Y cuando lo creía todo perdido, sin haber tomado nunca el retrovirus del AZT, tirado en la cama de un hospital, terriblemente afectado por el SIDA decidió oír los consejos de su madre, los doctores y las enfermeras para empezar un tratamiento, declararse sobrio y volver a la gran ciudad a retomar lo que había dejado atrás.

Hoy Mel sonríe mas que nunca porque ha dejado esos día aciagos.Tiene mucho porque ser feliz. Y lo es. Veo a un hombre con mucha energía, esa que alimenta a diario llevando una vida sana, ejercitándose física e intelectualmente. ¿Quién le hubiese dicho que tendría una carrera en el cine gay independiente? Y también un esposo y dos linda mascotas, un hogar al cual regresar todos los días Siempre supo lo que deseaba ser cuando grande: actor. No en vano empezó tomando lecciones de actuación a los 5 años y trabajando en teatro profesional desde sexto grado.

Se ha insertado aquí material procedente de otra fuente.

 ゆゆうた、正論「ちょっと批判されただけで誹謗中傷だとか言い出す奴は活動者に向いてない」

"Yo voy a vivir, yo voy a vivir, yo voy a vivir. No sería el mismo de hoy sino hubiera pasado por todo lo que me tocó vivir, tampoco sin el VIH que ahora puede ser tratado y que no debería ser un tema para asustarse o discriminar a las personas porque le puede suceder a cualquiera. Y sí hay que hablar fuerte y claro, sin miedos ni tabúes."

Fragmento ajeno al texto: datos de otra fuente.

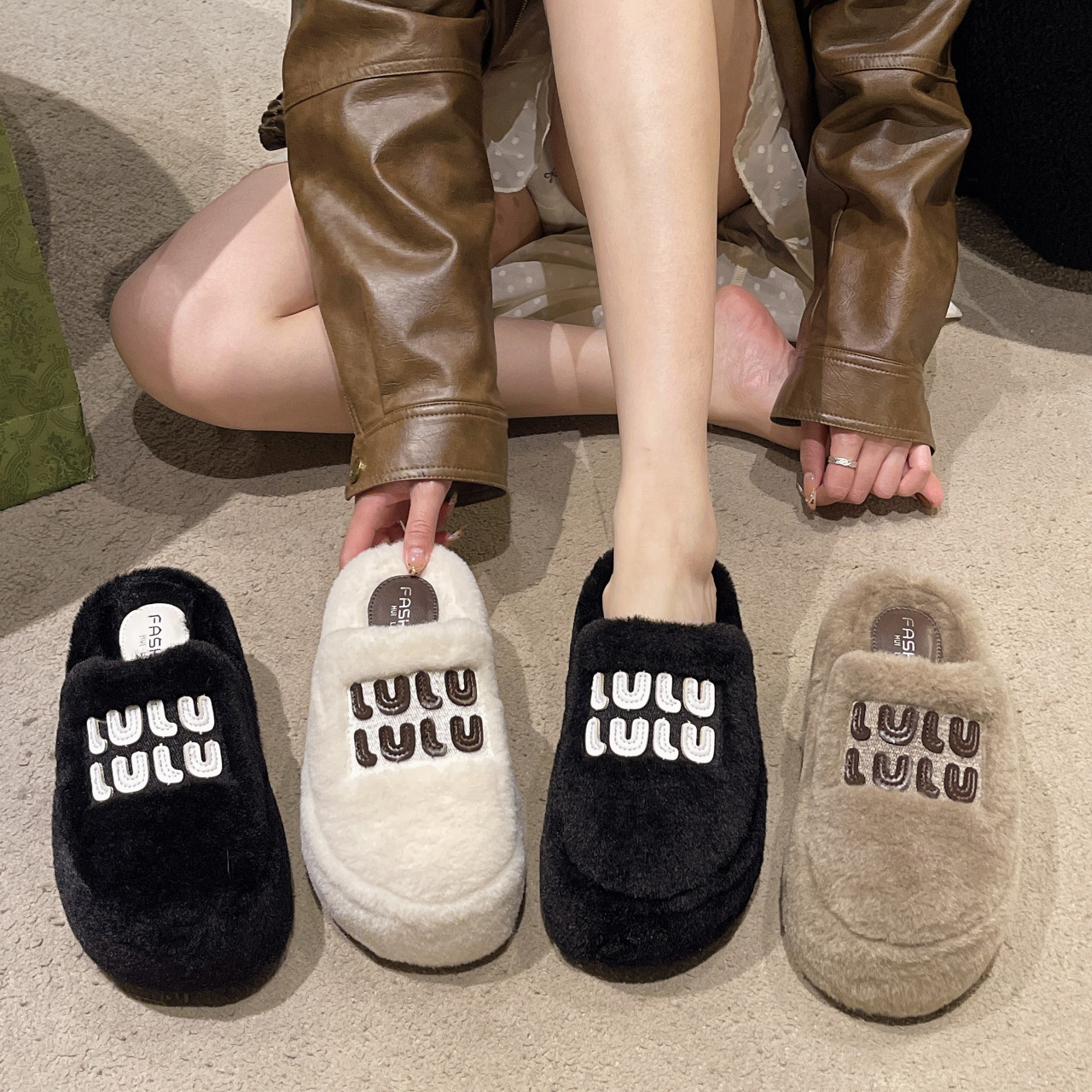 增高小个子8cm厚底毛毛拖鞋女2026冬新款外穿加绒高跟包头棉半拖

Mel resistió. Es un sobreviviente, no tiene miedo alguno en decir su verdad cuando sabe que todavía existen los prejuicios y la exclusión para quienes salen del closet del VIH, la meca del cine lo sabe. Mel ya no vive en una época turbulenta sino todo lo contrario, en paz y con mucho amor.

Su éxito de 2009 con el show off Broadway show, Swimming With the Polar Bears fue parte de la organización Climate Project y le permitió hacer una gira por Washington, D.C. y Copenhage. Uno de sus más recientes trabajos es el filme Ron and Laura Take Back America, una sátira sobre política, religión, reality TV, Hollywood y por supuesto lo gay, que ha sido presentado en varios festivales.





Hablamos acerca de la situación de los derechos gay en Perú donde el amor por la igualdad todavía no ha ganado.

"Los jóvenes de hoy están viviendo esa normalidad que nosotros no tuvimos en nuestra época, ahora las posibilidades son mayores, puedes casarte, tener una familia, esa libertad que no conocimos. Y hemos tenido que aprender a vivir con ella. Es una ola que estoy seguro no se detendrá. Yo crecí en un tiempo donde ser gay no era bien visto. En veinte años América ha cambiado mucho y el resto del mundo también."
Como las estaciones cada etapa cumple su ciclo y Mel está dispuesto a seguir viviéndolas una a una.